Set the directory under which RDDs are going to be checkpointed. The directory must be a HDFS path if running on a cluster.

isCheckpointed()

Return whether this RDD is checkpointed and materialized, either reliably or locally.

isEmpty()

Returns true if and only if the RDD contains no elements at all.

Note an RDD may be empty even when it has at least 1 partition.

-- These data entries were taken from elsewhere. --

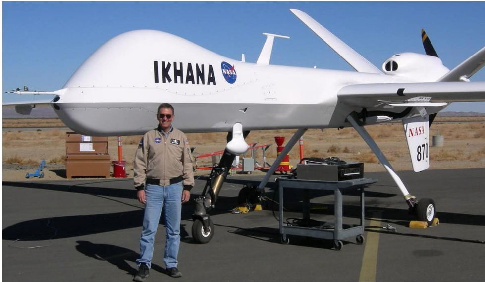
Figure 1. NASA Research Pilot Mark Pestana and the MQ-9 Ikhana UAV. The aircraft is 36 feet long, the wingspan is 66 feet, and the weight is 10,000 lb. Note the two small camera windows in the nose.

Although many airplanes are equipped to fly in weather conditions where visibility is very restricted (known as instrument flight), visual contact with the runway and airfield environment is always required for taxi, takeoff, and landing. During flight at altitude, a wide field of view aids in maintaining safe separation from other aircraft. During approach and landing, the most critical and demanding phase of a flight, even peripheral vision is important because wide visibility offers the pilot a sense of motion and rate of descent as he attempts to land as smoothly as possible.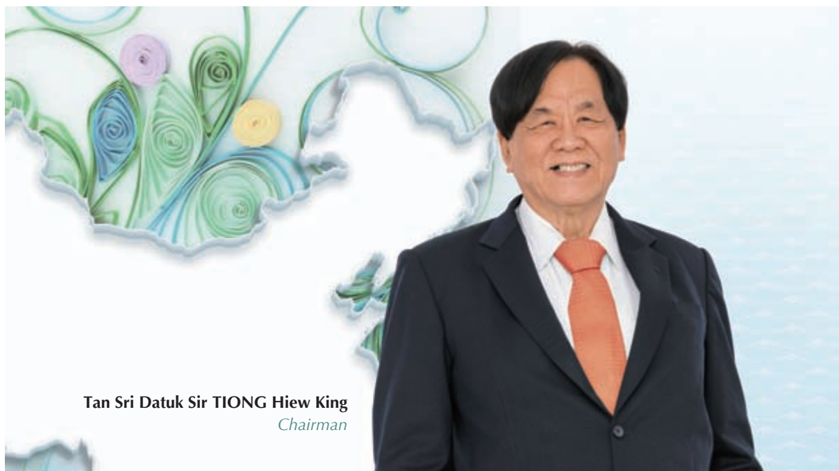
Tan Sri Datuk Sir TIONG Hiew King Chairman

Financial year 2014/15 was characterised by uncertainties in terms of both the political environment and domestic market for Hong Kong. The performance of One Media Group Limited (the “Company”) and its subsidiaries (collectively, the “Group”) was therefore impacted by this tough business environment. In addition, the Group recognised substantial impairment provisions on its interest in an associate and the goodwill arising from the acquisition of the Group’s subsidiaries in Mainland China in 2004. As a result, the Group reported a loss for the financial year ended 31st March 2015 as compared to the profit attributable to equity holders for the last financial year.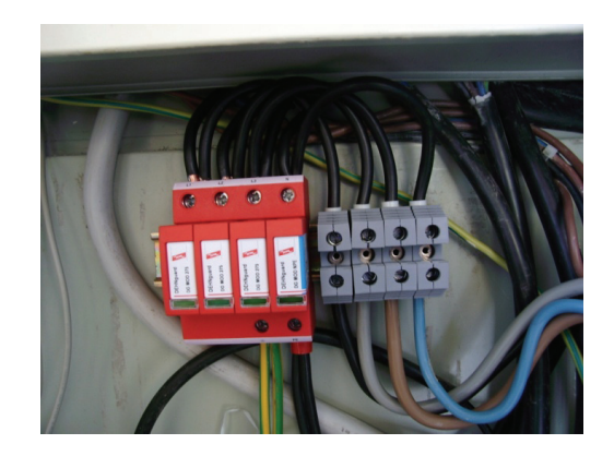
Fig. 7. 3-phase surge arrester

All conductors in the lightning protection system were contacted with the equipotential bonding that is outside of the building. For preventing the hybrid energy system from the surge coming from the national grid, a surge arrester was set up to the entrance of the line (Fig. 7). Electrical installation of CEH is 3-phase TT-system. In 3phase TT-system, protection conductors of devices are separated from 3-phase energy source. Thus, a surge arrester was chosen for 3-phase TT-system.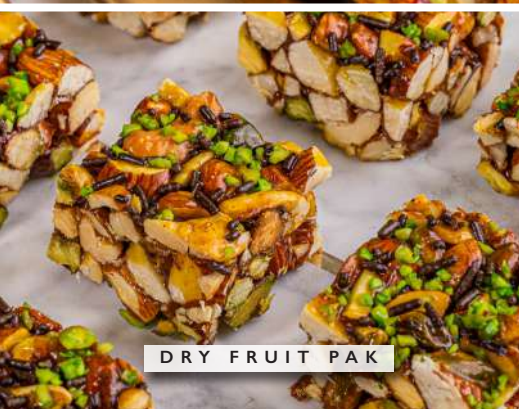
DRY FRUIT PAK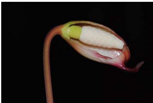
Figure 6. Hottarum sp. nov.

 sc.parallelize([]).isEmpty()
 True
 sc.parallelize([1]).isEmpty()
 False

isLocallyCheckpointed()

Return whether this RDD is marked for local checkpointing.

Exposed for testing.

join(other, numPartitions=None)

Return an RDD containing all pairs of elements with matching keys in self and other.

Each pair of elements will be returned as a (k, (v1, v2)) tuple, where (k, v1) is in self and (k, v2) is in other.

Performs a hash join across the cluster.

 x = sc.parallelize([("a", 1), ("b", 4)])
 y = sc.parallelize([("a", 2), ("a", 3)])
 sorted(x.join(y).collect())
 [('a', (1, 2)), ('a', (1, 3))]

keyBy(f)

Creates tuples of the elements in this RDD by applying f.

 x = sc.parallelize(range(0,3)).keyBy(lambda x: x*x)
 y = sc.parallelize(zip(range(0,5), range(0,5)))
 [(x, list(map(list, y))) for x, y in sorted(x.cogroup(y).collect())]
 [(0, [[0], [0]]), (1, [[1], [1]]), (2, [[], [2]]), (3, [[], [3]]), (4, [[2], [4]])]

keys()

Return an RDD with the keys of each tuple.

 m = sc.parallelize([(1, 2), (3, 4)]).keys()
 m.collect()
 [1, 3]

leftOuterJoin(other, numPartitions=None)

Perform a left outer join of self and other.

For each element (k, v) in self, the resulting RDD will either contain all pairs (k, (v, w)) for w in other, or the pair (k, (v, None)) if no elements in other have key k.

Hash-partitions the resulting RDD into the given number of partitions.

 x = sc.parallelize([("a", 1), ("b", 4)])
 y = sc.parallelize([("a", 2)])
 sorted(x.leftOuterJoin(y).collect())
 [('a', (1, 2)), ('b', (4, None))]

localCheckpoint()

Mark this RDD for local checkpointing using Spark’s existing caching layer.

This method is for users who wish to truncate RDD lineages while skipping the expensive step of replicating the materialized data in a reliable distributed file system. This is useful for RDDs with long lineages that need to be truncated periodically (e.g. GraphX).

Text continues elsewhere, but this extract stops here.